What to work on> Leave out the pictures and restate the rest of the data exactly.

Information provided>
——
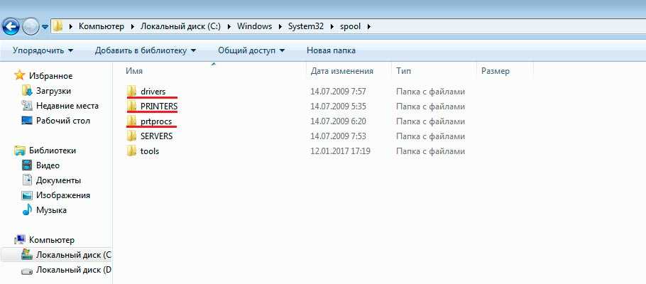 Очистка или замена папки spool
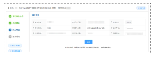 2.10 生成订单后,页面显示考生信息及订单金额,点击“支付”,进行缴费。
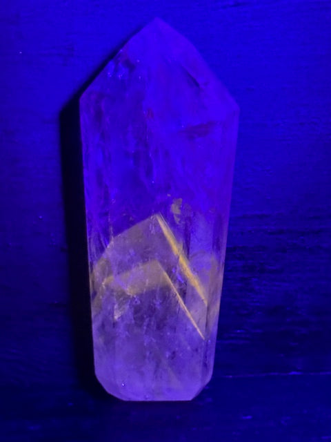 Ce qui rend cette améthyste véritablement unique est sa fluorescence sous lumière ultraviolette (UV). Sous cette lumière, le cristal s’illumine d’une aura captivante et vibrante, révélant une facette cachée de sa nature. Ce phénomène rare en fait une pierre recherchée par les passionnés de minéraux et les collectionneurs.
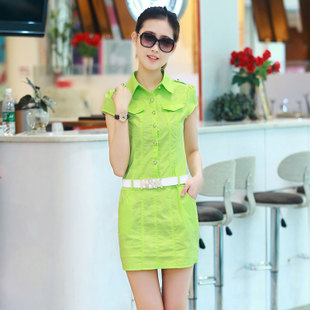2015新款純色短袖翻領連衣裙修身潮流套裝女一件代發(fā) /
——
Solution below>
 Очистка или замена папки spool
 2.10 生成订单后,页面显示考生信息及订单金额,点击“支付”,进行缴费。
 Ce qui rend cette améthyste véritablement unique est sa fluorescence sous lumière ultraviolette (UV). Sous cette lumière, le cristal s’illumine d’une aura captivante et vibrante, révélant une facette cachée de sa nature. Ce phénomène rare en fait une pierre recherchée par les passionnés de minéraux et les collectionneurs.
2015新款純色短袖翻領連衣裙修身潮流套裝女一件代發(fā) /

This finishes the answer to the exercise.